Probably the earliest illustration of cricket we have. One of a group of designs used as a decorative border. Also used on dinner services, jugs, etc.

Here the image is reversed and used in the Arms of Shrewsbury


1744 – A Little Pretty Pocket-Book

From A Little Pretty Pocket-Book, intended for the Amusement of Little Master Tommy and Pretty Miss Polly with Two Letters from Jack the Giant Killer – a 1744 children’s book by British publisher John Newbery.


1744 – His House and School – John Stedman

School boys are playing cricket in a fenced-off yard. School master and the artist are seated in the foreground. Low, wide wicket.


1770 ? – Cricket at the Free School, Maidstone – William Jefferys

Maidstone was one of the early centres of cricket and provoked Puritanical outrage in the middle of the Seventeenth Century.

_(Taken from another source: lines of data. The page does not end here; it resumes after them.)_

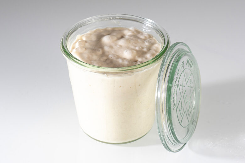 Tipp: Achten Sie bei der Wahl des Gefäßes darauf, dass der Poolish genügend Raum hat, um in die Höhe zu gehen, da dies die Teigentwicklung und die spätere Stabilität des Teiges verbessert.
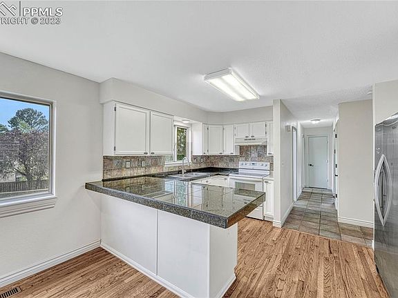 5 bedroom house in the heart of The Meadows. Open floor plan with vaulted ceilings, new interior paint, real hardwood floors, wood burning living room fireplace, formal dining room, larger size yard, full fenced with new sod. Large primary suite has vaulted ceilings, lots of natural lighting, walk-in closet w/built-in shelves, tile floors, and tasteful barn door. Upper level also includes an additional 3 bedrooms and full bath with a dual sink vanity. Basement was recently completed with a good size bedroom, 3/4 bath with beautiful stone and tile, dry bar, cabinets, mini frig, and 2nd family room. Whole home attic fan, radon mitigation system, covered front porch. Close proximity to I-25, DTC, elementary, middle, & high schools, several parks, hiking & biking trails, tennis courts, golf courses, hospital, stores, Outlets at Castle Rock, Taft House, Grange, The MAC, & more.
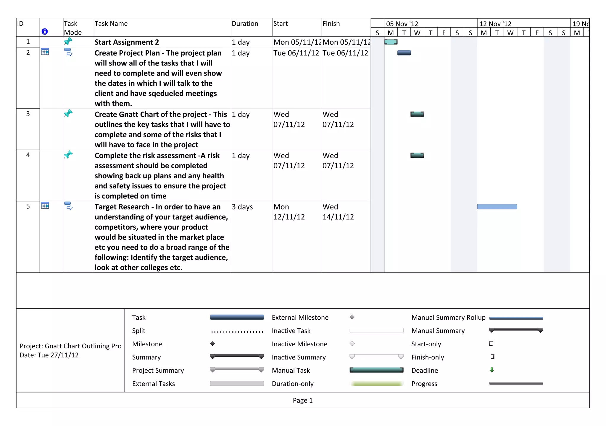 The document outlines a project plan with 16 tasks to produce an informational DVD. Key tasks include creating a project plan, risk assessment, questionnaire design, pre-production planning, filming, and keeping updated with the client. The Gantt chart schedules each task over a 16 day production phase from January 14th to February 4th, with potential delays due to weather or availability of the full team.
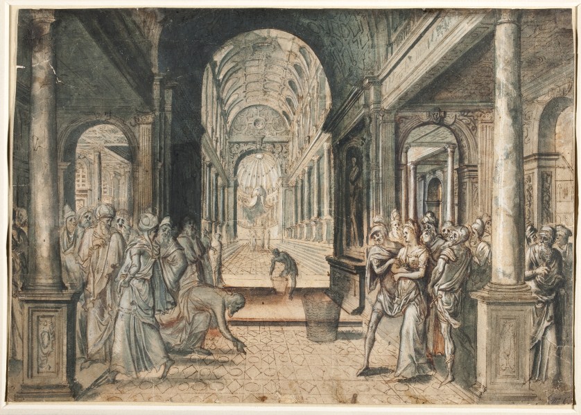Christus schrijft op de tempelvloer in pseudo-Hebreeuwse letters de woorden die hij bij deze gelegenheid sprak: ‘Wie van u zonder zonde is, werpe de eerste steen’ (Joh. 8:7). Op de achtergrond Christus in dispuut met schriftgeleerden en Farizeeërs voor een altaar met de Ark des Verbonds en de twee wetstafelen.

1771 – A Cricket Scene at Harrow School – Henry Walton

This painting is as much about the game as about the three sitters in the foreground: a professionally made bat of correct proportion, a worn ‘pitch’, a hat to stop the ball, ‘suitable’ dress and distant figures describing the act of bowling. The grip of the batter, however, seems to lack commitment, and the keeper is not concentrating on the task at hand.

The three principal sitters are the Mason brothers of Necton Hall, Norfolk, with Ambrose Humphrys, a family friend and patron of the painter. John Mason (aged 14) is batting, and William Mason (aged 10) is behind the stumps; on the right in the background is Harrow-on-the-Hill.


1777 – Children Cricketers Printing Block – J Marshall & Co

Black, carved wood printing block. Depicts four children, one holding a hoop, one tossing a ball, one with a shoulderless cricket bat over his shoulder and one holding a ball and a cricket bat.


1780 – Carmalt School, Putney – James Miller

Camalt School, Putney


1780 – Charterhouse School

A general view of the school where boys playing cricket can be seen. Charterhouse of one of the important cricket-playing schools of the Eighteenth Century.


1789 – The Darkening Green – William Blake

An illustration by Blake for his poem The Echoing Green. It is time for the boys and girls to end their play.